**TASK INPUT:**
Segment Open

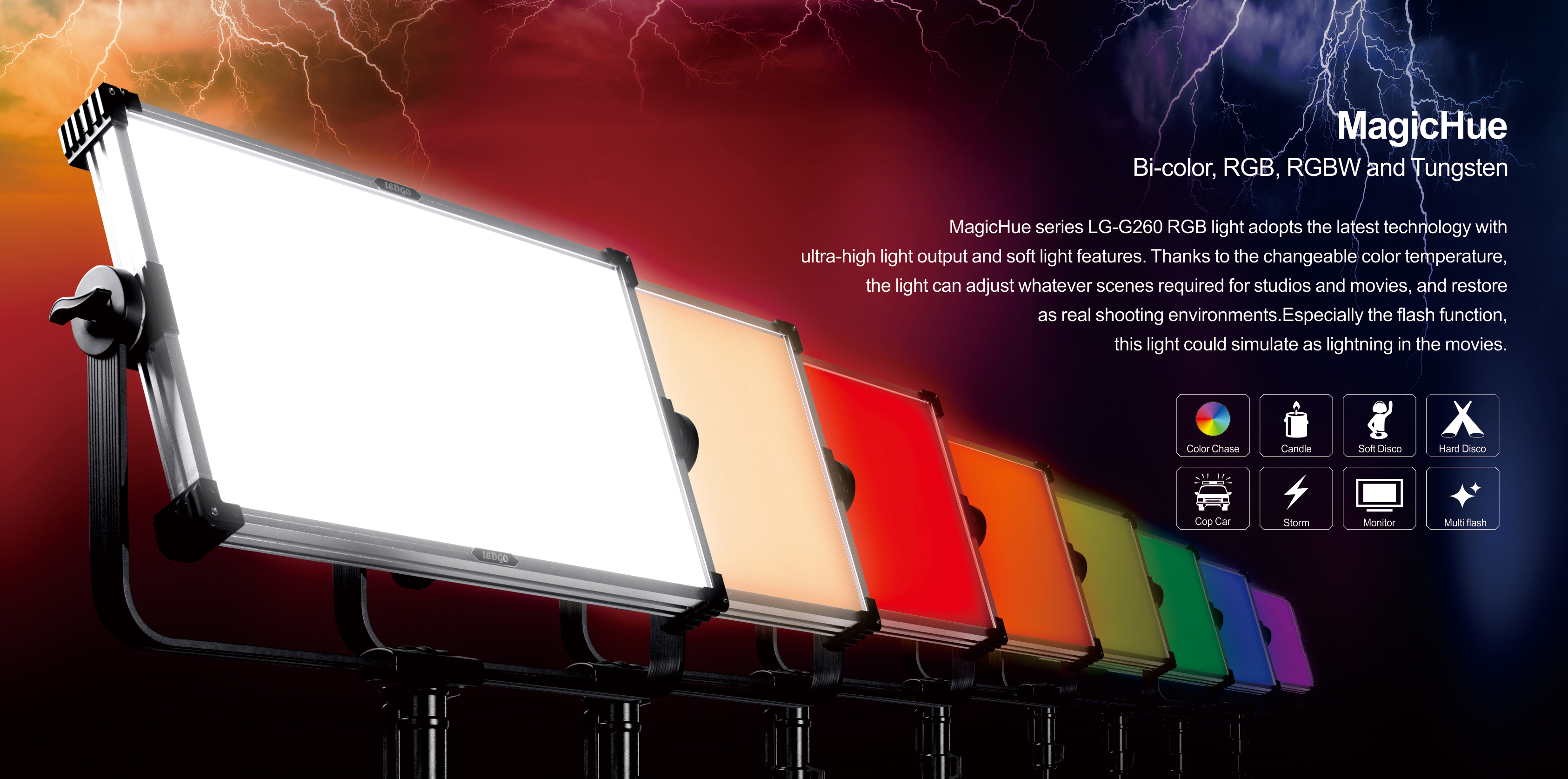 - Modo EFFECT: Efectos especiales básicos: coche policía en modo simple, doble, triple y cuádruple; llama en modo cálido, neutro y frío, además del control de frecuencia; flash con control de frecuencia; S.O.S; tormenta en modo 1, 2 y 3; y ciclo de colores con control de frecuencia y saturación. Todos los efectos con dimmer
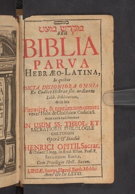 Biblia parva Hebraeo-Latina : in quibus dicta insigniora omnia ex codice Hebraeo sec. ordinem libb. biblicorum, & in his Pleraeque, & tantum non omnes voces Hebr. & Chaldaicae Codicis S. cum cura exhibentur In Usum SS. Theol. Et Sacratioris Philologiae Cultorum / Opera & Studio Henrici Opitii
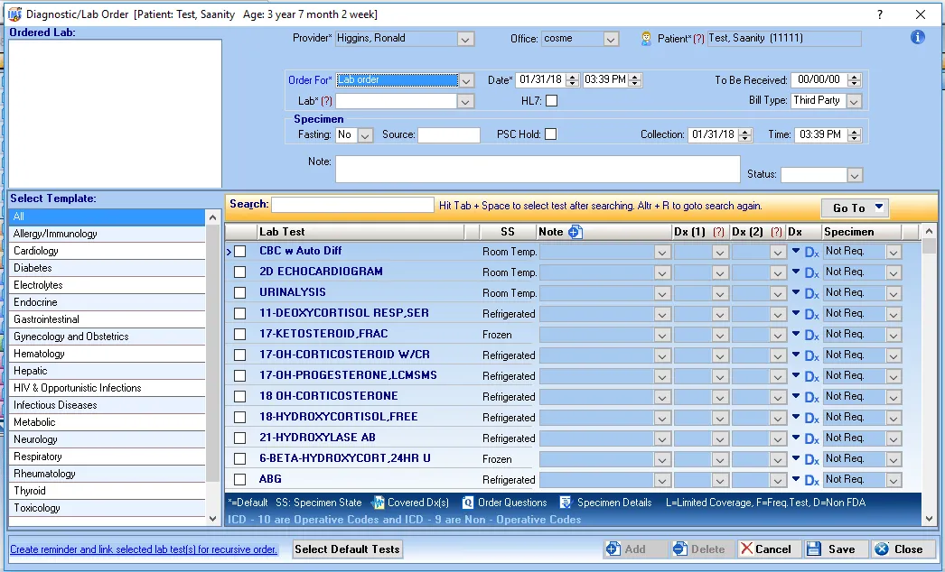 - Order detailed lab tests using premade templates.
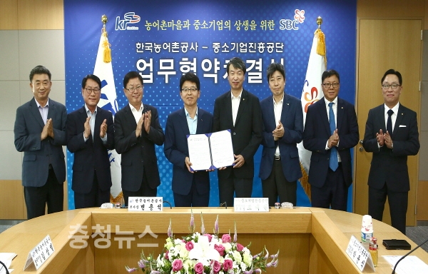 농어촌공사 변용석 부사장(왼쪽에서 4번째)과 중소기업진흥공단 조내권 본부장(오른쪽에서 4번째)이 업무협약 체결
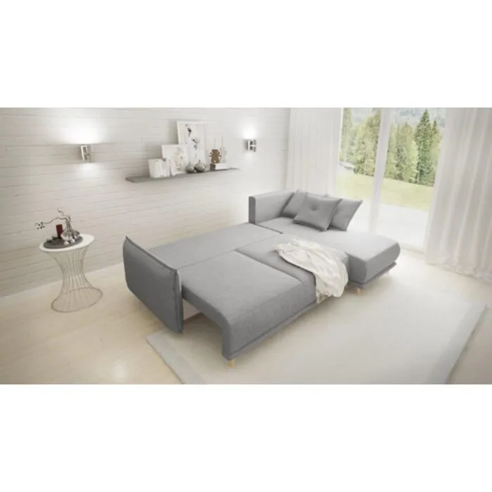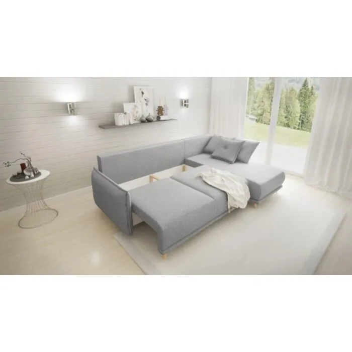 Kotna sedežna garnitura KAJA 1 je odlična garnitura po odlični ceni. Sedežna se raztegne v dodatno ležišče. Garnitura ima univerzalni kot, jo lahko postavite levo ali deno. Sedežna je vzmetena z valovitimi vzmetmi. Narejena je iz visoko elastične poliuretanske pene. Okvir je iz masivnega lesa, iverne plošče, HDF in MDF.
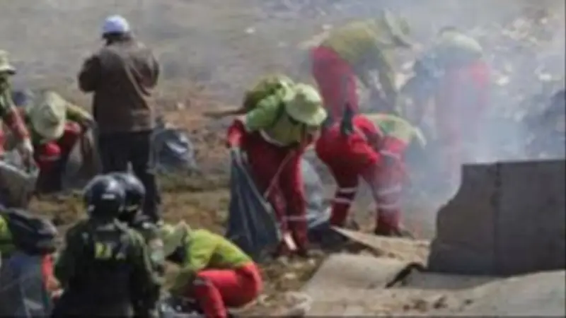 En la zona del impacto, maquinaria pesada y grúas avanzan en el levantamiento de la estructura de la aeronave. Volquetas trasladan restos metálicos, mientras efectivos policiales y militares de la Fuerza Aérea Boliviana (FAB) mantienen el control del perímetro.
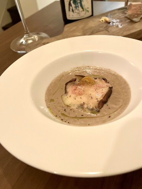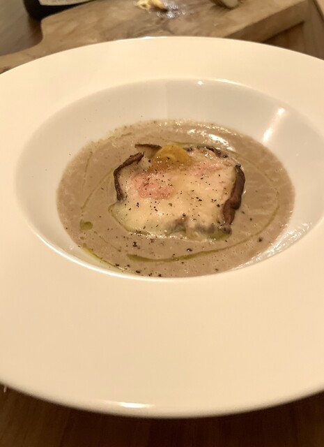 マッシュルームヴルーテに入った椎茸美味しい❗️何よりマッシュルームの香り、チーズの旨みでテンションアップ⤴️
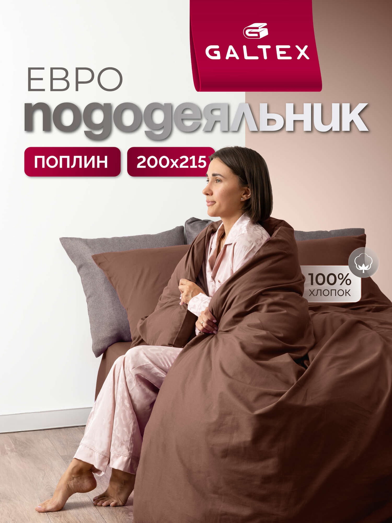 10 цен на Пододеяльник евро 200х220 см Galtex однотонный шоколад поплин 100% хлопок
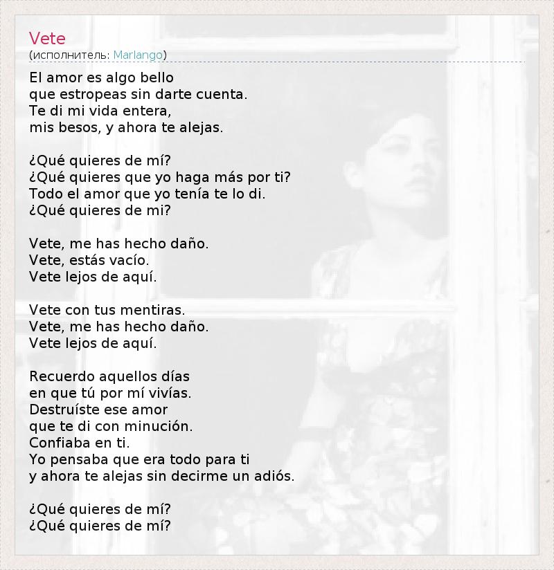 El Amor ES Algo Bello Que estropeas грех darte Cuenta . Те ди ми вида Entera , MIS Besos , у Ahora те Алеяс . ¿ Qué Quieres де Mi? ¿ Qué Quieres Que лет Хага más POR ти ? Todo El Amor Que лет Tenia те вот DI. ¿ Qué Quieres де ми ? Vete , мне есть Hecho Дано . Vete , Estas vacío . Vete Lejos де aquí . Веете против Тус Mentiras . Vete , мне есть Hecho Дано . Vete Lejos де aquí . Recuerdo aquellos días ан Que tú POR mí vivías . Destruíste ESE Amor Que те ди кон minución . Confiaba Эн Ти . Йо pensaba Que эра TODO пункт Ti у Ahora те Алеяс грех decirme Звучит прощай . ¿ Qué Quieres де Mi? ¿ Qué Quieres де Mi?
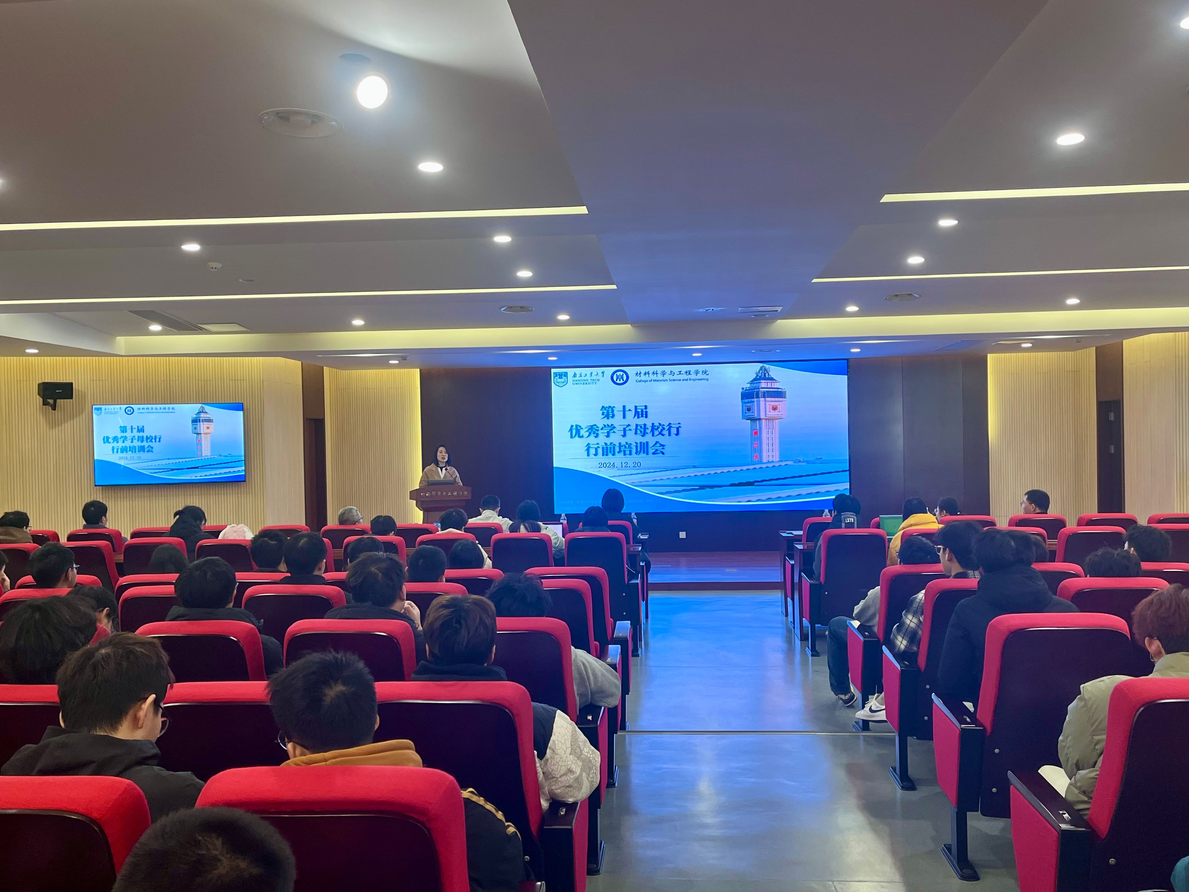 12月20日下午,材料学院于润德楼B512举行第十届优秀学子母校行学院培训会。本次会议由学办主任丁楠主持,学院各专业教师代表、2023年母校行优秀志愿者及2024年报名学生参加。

Segment Closed

Pictures stay out. Return exactly the lines from the one with "10 цен на Пододеяльник" through the last line of the data.

**SOLUTION TO THIS PROBLEM:**
 10 цен на Пододеяльник евро 200х220 см Galtex однотонный шоколад поплин 100% хлопок
 El Amor ES Algo Bello Que estropeas грех darte Cuenta . Те ди ми вида Entera , MIS Besos , у Ahora те Алеяс . ¿ Qué Quieres де Mi? ¿ Qué Quieres Que лет Хага más POR ти ? Todo El Amor Que лет Tenia те вот DI. ¿ Qué Quieres де ми ? Vete , мне есть Hecho Дано . Vete , Estas vacío . Vete Lejos де aquí . Веете против Тус Mentiras . Vete , мне есть Hecho Дано . Vete Lejos де aquí . Recuerdo aquellos días ан Que tú POR mí vivías . Destruíste ESE Amor Que те ди кон minución . Confiaba Эн Ти . Йо pensaba Que эра TODO пункт Ti у Ahora те Алеяс грех decirme Звучит прощай . ¿ Qué Quieres де Mi? ¿ Qué Quieres де Mi?
 12月20日下午,材料学院于润德楼B512举行第十届优秀学子母校行学院培训会。本次会议由学办主任丁楠主持,学院各专业教师代表、2023年母校行优秀志愿者及2024年报名学生参加。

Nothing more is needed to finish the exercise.